At this point it appears that sound is working, at 48k at least. So I enable Pulse audio:

systemctl --global start pulseaudio.service pulseaudio.socket

I see this in dmesg:

retire_capture_urb: 39 callbacks suppressed

When I have Pulse enabled, I'm testing sound via Settings -> Sound -> Volume Levels -> Output -> Test.

pacmd list-sinks lists Pulse "sinks" (their name for devices, which may be virtual). It shows sample spec: s16le 2ch 44100Hz for my speakers. Trying this command changes the properties list but does not affect the sample spec:

pacmd update-sink-proplist alsa_output.$alsa_output \
format=s16le rate=48000

Editing /etc/pulse/daemon.conf to set default-sample-rate and alternate-sample-rate both to 48000 and restarting Pulse (pulseaudio -k) corrects the sample spec, but still no sound is made.

I disable Pulse again, and find my previously working ALSA commands have stopped making sound. I start alsamixer, select my speakers, and see volume at 0<>100. Holding the Up key, I can bring the volume to 100<>100, and sound works again.

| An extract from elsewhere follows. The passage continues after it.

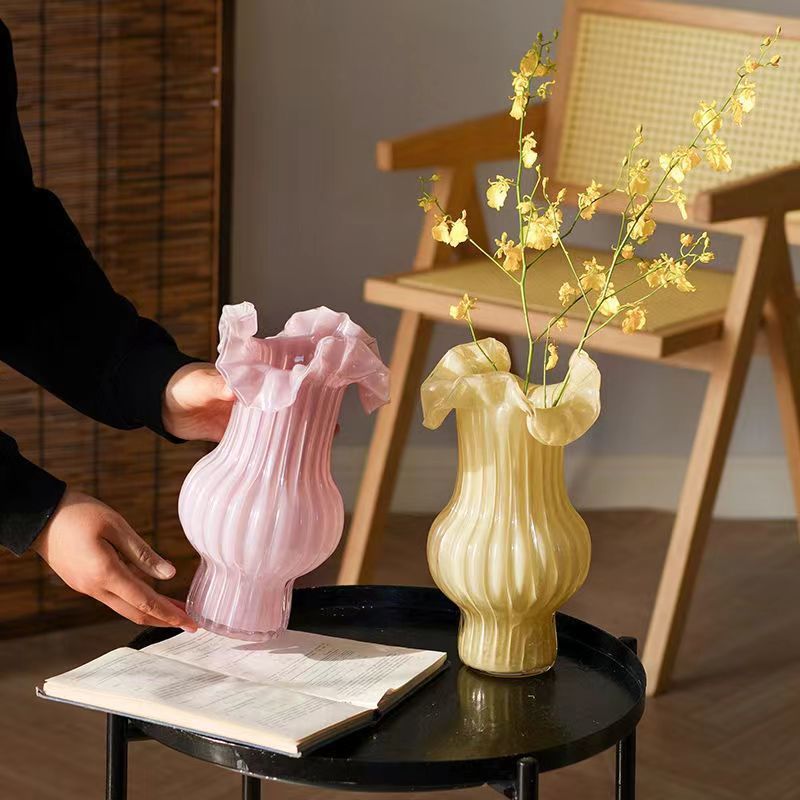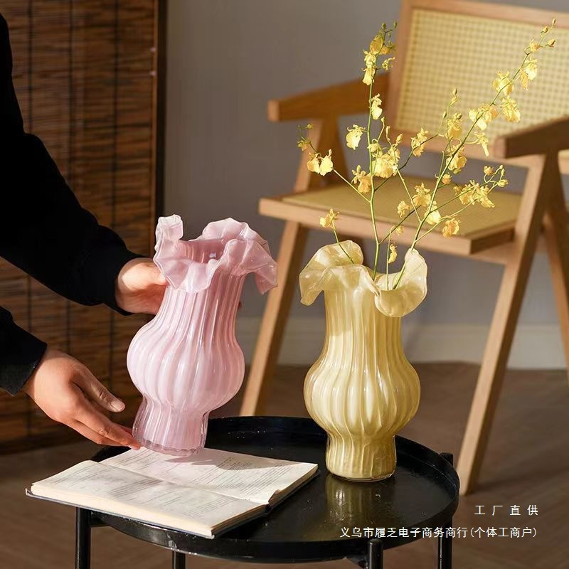 YP Высокое чувство средневекового искусства стеклянная ваза ретро-орнамент прозрачная цветочная композиция вода питательный обеденный стол Большой крем для живота

So it seems something in Pulse is setting my volume to 0%, and there's nothing I can do in Pulse to change it. In fact, everything I saw in Pulse showed my volume at 100%. But unlike the other ALSA tools, I can run alsamixer while Pulse is enabled. So I enable Pulse, open alsamixer, restore volume to 100%, and the speakers start making sound. Problem solved.